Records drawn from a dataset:
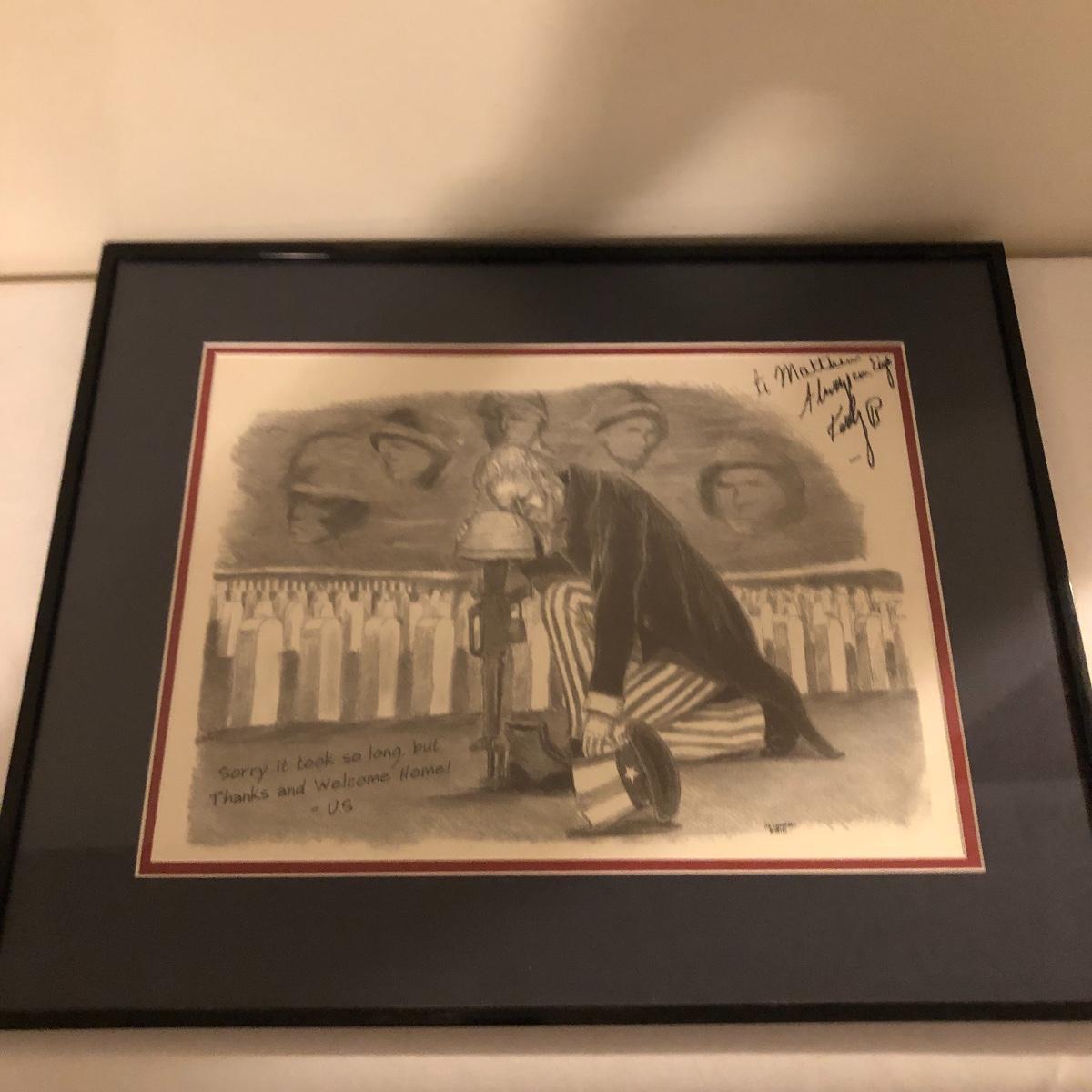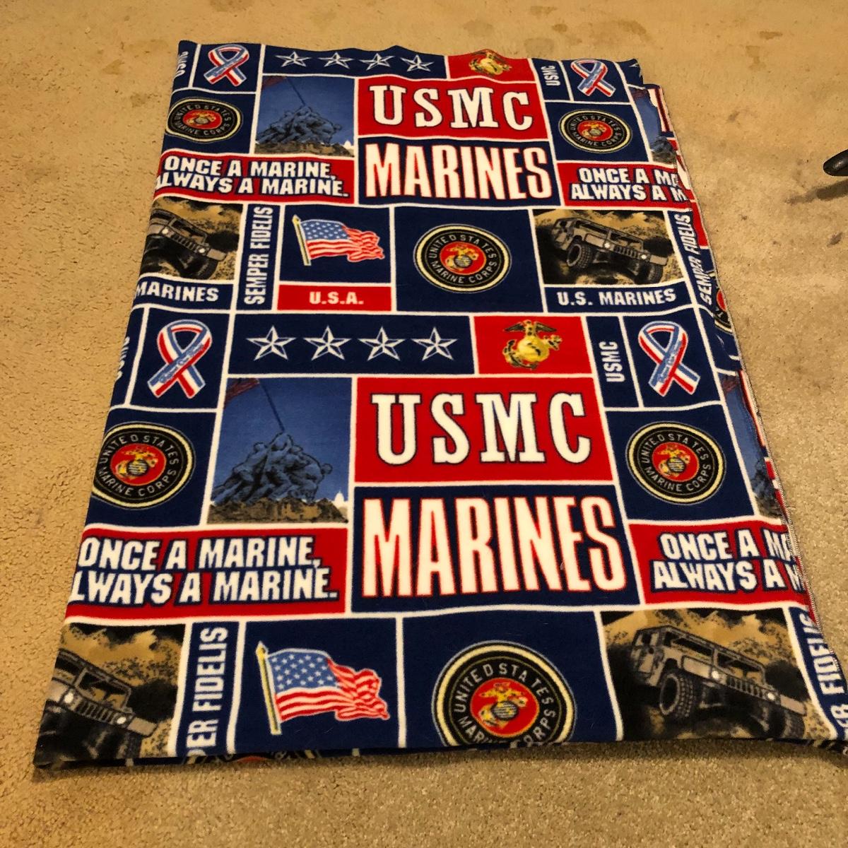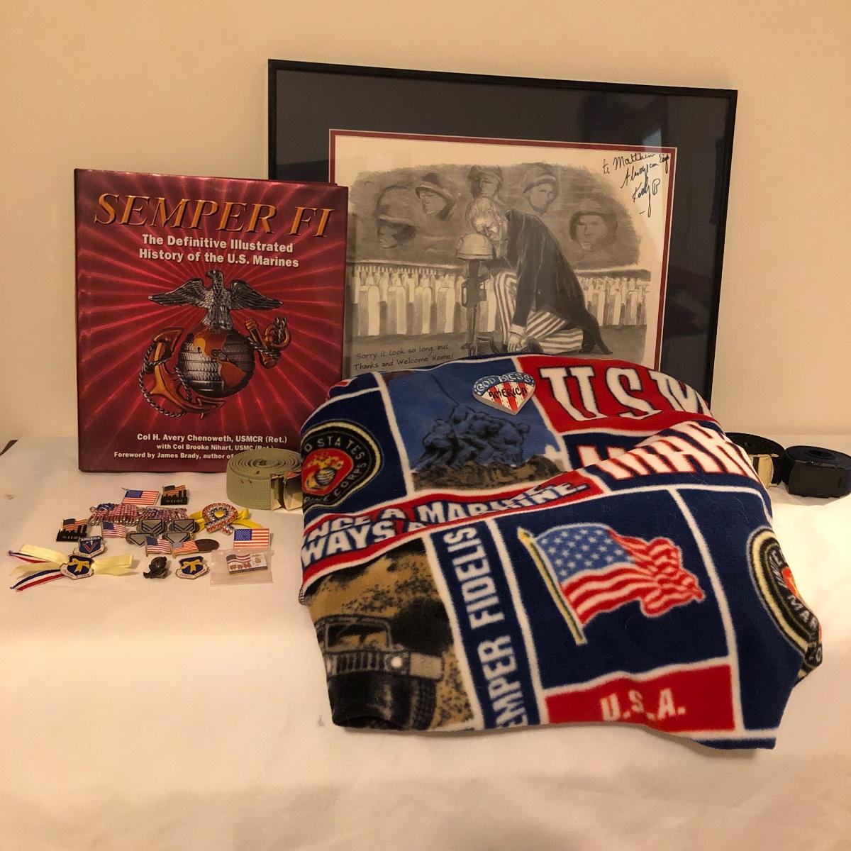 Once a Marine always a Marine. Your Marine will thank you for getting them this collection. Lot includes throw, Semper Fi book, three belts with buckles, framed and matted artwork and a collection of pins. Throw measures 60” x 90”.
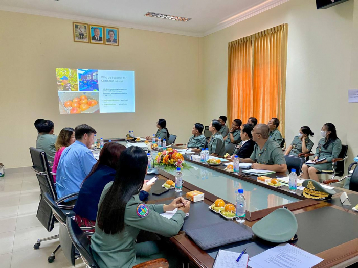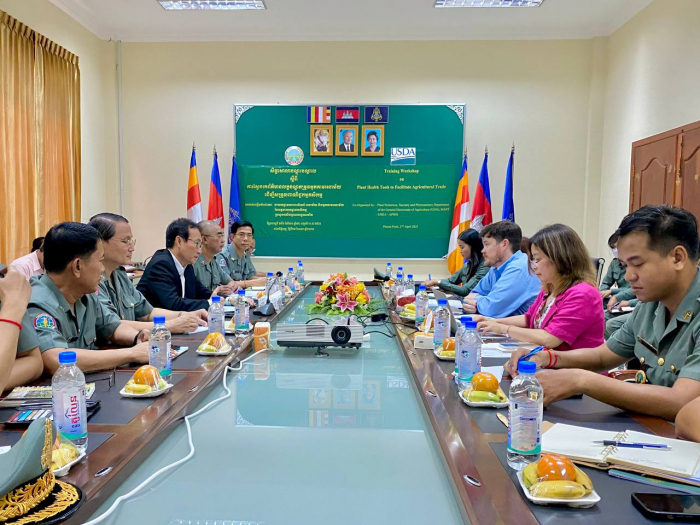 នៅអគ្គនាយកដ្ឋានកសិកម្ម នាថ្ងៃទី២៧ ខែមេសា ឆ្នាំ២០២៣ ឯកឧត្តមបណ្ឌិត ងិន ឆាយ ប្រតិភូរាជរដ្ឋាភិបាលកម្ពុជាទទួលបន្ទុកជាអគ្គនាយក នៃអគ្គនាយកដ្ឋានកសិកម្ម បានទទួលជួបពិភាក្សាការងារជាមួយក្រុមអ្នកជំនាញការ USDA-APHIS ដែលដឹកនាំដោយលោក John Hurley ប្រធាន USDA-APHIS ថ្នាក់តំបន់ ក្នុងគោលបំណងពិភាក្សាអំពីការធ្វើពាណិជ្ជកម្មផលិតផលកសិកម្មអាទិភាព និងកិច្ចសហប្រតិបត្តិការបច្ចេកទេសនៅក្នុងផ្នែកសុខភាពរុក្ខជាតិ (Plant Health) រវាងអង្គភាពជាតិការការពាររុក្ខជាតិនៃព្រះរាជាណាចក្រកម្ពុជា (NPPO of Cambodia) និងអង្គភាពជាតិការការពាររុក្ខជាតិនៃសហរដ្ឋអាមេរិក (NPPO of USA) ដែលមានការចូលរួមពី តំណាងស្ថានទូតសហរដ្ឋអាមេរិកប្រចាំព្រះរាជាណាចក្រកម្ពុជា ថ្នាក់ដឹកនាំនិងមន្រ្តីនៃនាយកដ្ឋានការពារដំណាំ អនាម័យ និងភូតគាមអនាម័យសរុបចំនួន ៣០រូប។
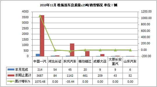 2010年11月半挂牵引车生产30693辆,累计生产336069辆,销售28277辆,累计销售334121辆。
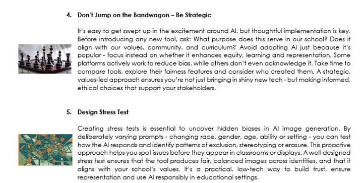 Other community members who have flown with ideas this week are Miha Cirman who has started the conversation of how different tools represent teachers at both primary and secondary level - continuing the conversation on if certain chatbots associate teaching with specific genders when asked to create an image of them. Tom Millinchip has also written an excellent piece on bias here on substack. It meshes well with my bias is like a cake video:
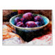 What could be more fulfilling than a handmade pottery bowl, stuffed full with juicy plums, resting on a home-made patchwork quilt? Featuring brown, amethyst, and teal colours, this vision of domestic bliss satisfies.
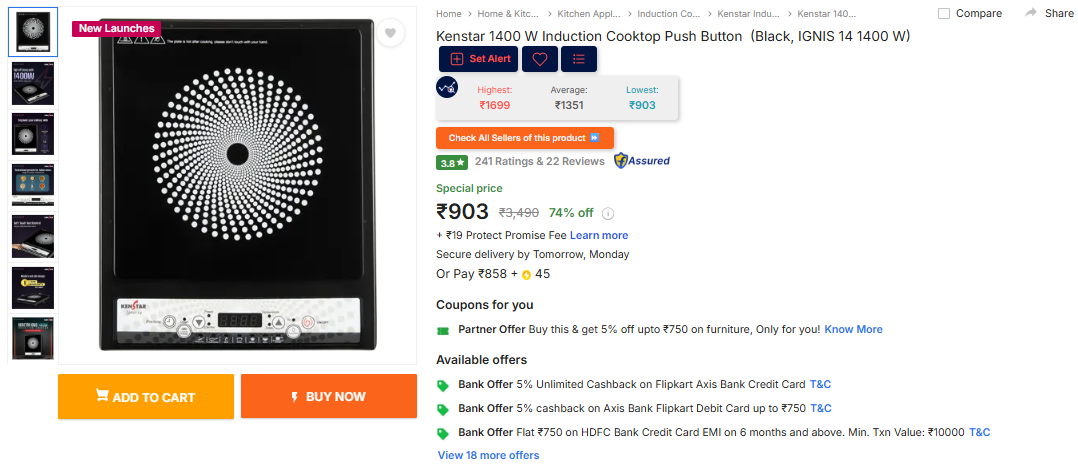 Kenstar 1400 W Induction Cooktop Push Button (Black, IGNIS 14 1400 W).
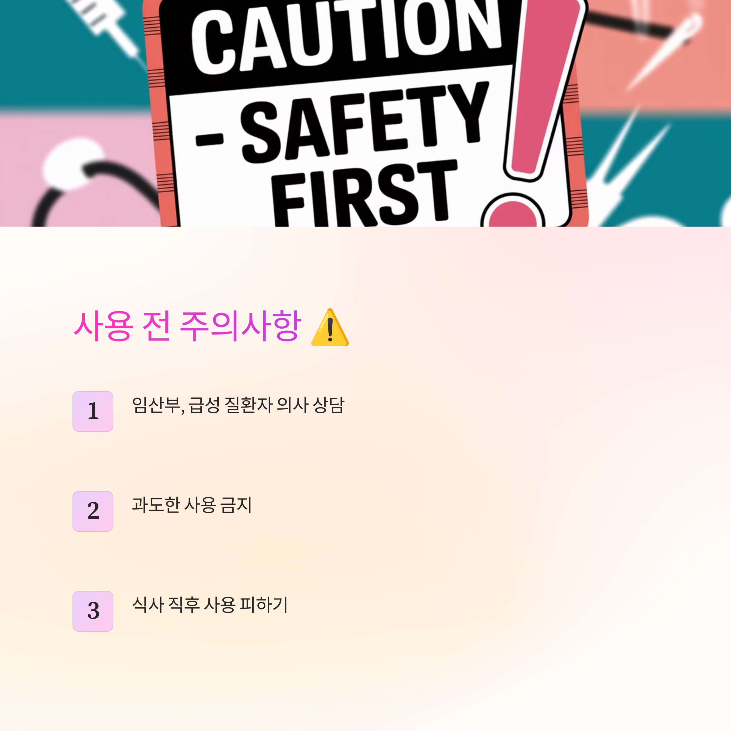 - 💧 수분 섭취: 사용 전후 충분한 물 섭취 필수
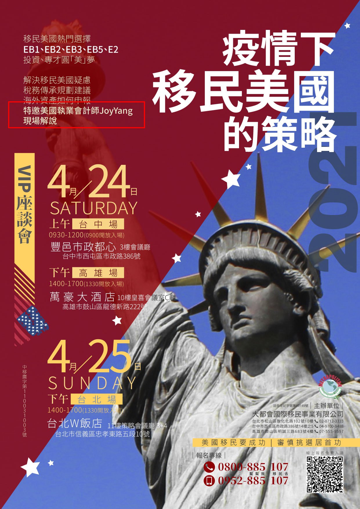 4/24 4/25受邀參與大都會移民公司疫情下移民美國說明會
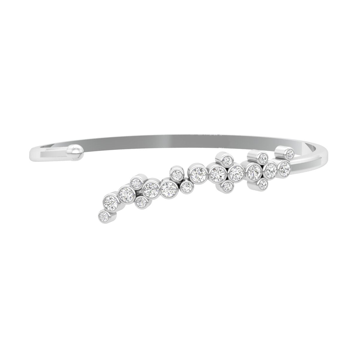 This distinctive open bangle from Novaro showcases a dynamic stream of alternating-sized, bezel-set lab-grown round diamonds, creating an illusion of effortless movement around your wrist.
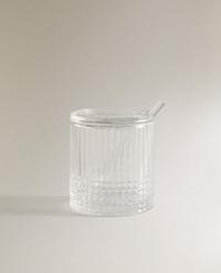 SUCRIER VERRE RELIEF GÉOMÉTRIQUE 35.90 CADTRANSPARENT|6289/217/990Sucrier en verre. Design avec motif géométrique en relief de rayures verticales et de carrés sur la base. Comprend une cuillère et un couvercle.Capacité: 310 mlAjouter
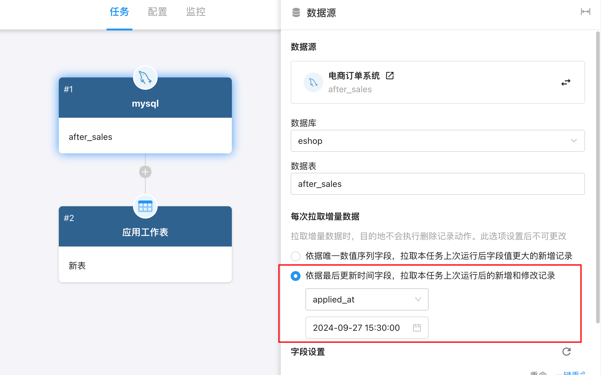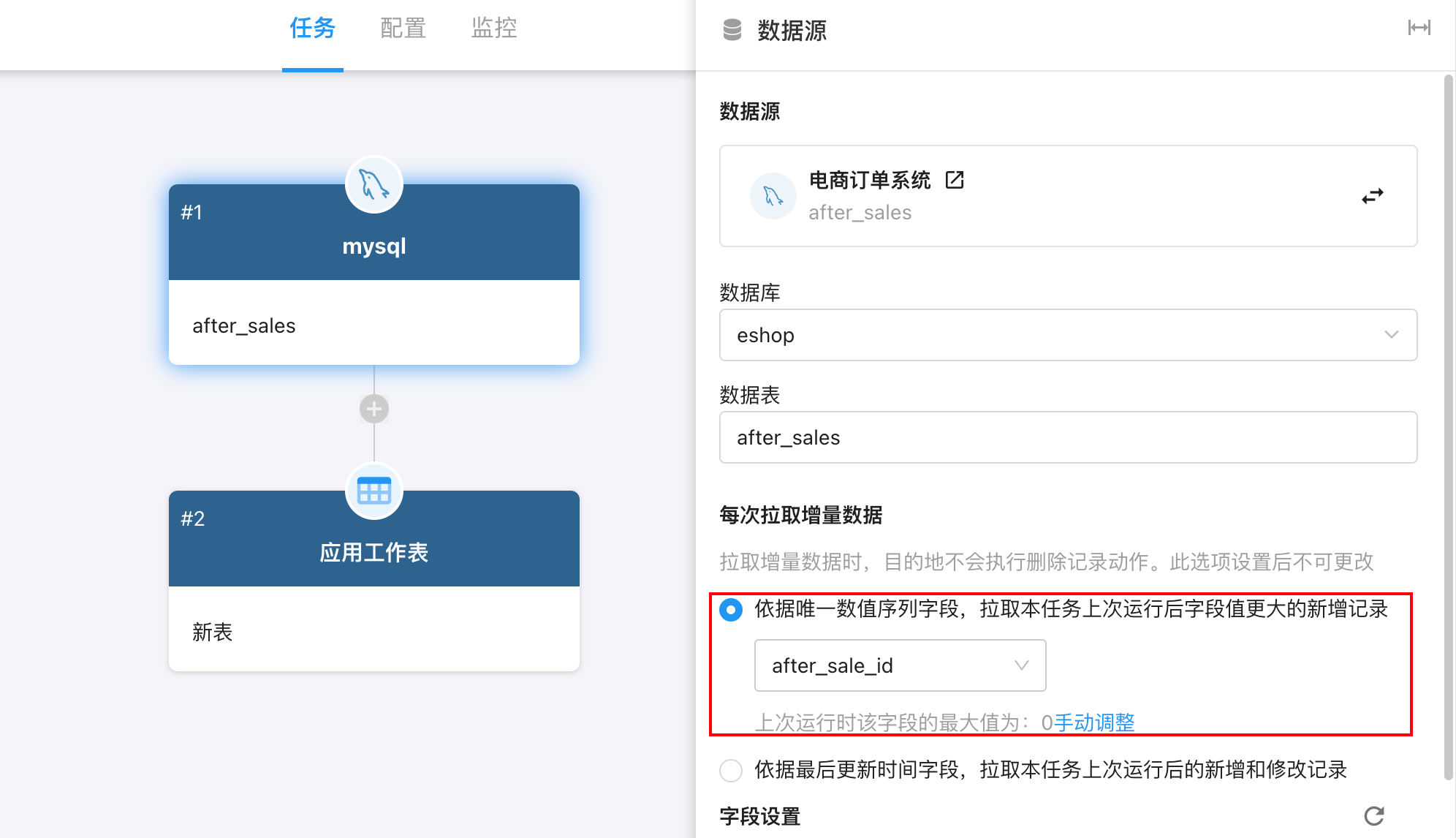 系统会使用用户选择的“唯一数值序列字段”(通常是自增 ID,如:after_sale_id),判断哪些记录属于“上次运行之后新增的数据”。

- _Exercise prompt_
Copy out every entry above verbatim. Leave each picture out.

- _Answer box_
 Once a Marine always a Marine. Your Marine will thank you for getting them this collection. Lot includes throw, Semper Fi book, three belts with buckles, framed and matted artwork and a collection of pins. Throw measures 60” x 90”.
 នៅអគ្គនាយកដ្ឋានកសិកម្ម នាថ្ងៃទី២៧ ខែមេសា ឆ្នាំ២០២៣ ឯកឧត្តមបណ្ឌិត ងិន ឆាយ ប្រតិភូរាជរដ្ឋាភិបាលកម្ពុជាទទួលបន្ទុកជាអគ្គនាយក នៃអគ្គនាយកដ្ឋានកសិកម្ម បានទទួលជួបពិភាក្សាការងារជាមួយក្រុមអ្នកជំនាញការ USDA-APHIS ដែលដឹកនាំដោយលោក John Hurley ប្រធាន USDA-APHIS ថ្នាក់តំបន់ ក្នុងគោលបំណងពិភាក្សាអំពីការធ្វើពាណិជ្ជកម្មផលិតផលកសិកម្មអាទិភាព និងកិច្ចសហប្រតិបត្តិការបច្ចេកទេសនៅក្នុងផ្នែកសុខភាពរុក្ខជាតិ (Plant Health) រវាងអង្គភាពជាតិការការពាររុក្ខជាតិនៃព្រះរាជាណាចក្រកម្ពុជា (NPPO of Cambodia) និងអង្គភាពជាតិការការពាររុក្ខជាតិនៃសហរដ្ឋអាមេរិក (NPPO of USA) ដែលមានការចូលរួមពី តំណាងស្ថានទូតសហរដ្ឋអាមេរិកប្រចាំព្រះរាជាណាចក្រកម្ពុជា ថ្នាក់ដឹកនាំនិងមន្រ្តីនៃនាយកដ្ឋានការពារដំណាំ អនាម័យ និងភូតគាមអនាម័យសរុបចំនួន ៣០រូប។
 2010年11月半挂牵引车生产30693辆,累计生产336069辆,销售28277辆,累计销售334121辆。
 Other community members who have flown with ideas this week are Miha Cirman who has started the conversation of how different tools represent teachers at both primary and secondary level - continuing the conversation on if certain chatbots associate teaching with specific genders when asked to create an image of them. Tom Millinchip has also written an excellent piece on bias here on substack. It meshes well with my bias is like a cake video:
 What could be more fulfilling than a handmade pottery bowl, stuffed full with juicy plums, resting on a home-made patchwork quilt? Featuring brown, amethyst, and teal colours, this vision of domestic bliss satisfies.
 Kenstar 1400 W Induction Cooktop Push Button (Black, IGNIS 14 1400 W).
 - 💧 수분 섭취: 사용 전후 충분한 물 섭취 필수
 4/24 4/25受邀參與大都會移民公司疫情下移民美國說明會
 This distinctive open bangle from Novaro showcases a dynamic stream of alternating-sized, bezel-set lab-grown round diamonds, creating an illusion of effortless movement around your wrist.
 SUCRIER VERRE RELIEF GÉOMÉTRIQUE 35.90 CADTRANSPARENT|6289/217/990Sucrier en verre. Design avec motif géométrique en relief de rayures verticales et de carrés sur la base. Comprend une cuillère et un couvercle.Capacité: 310 mlAjouter
 系统会使用用户选择的“唯一数值序列字段”(通常是自增 ID,如:after_sale_id),判断哪些记录属于“上次运行之后新增的数据”。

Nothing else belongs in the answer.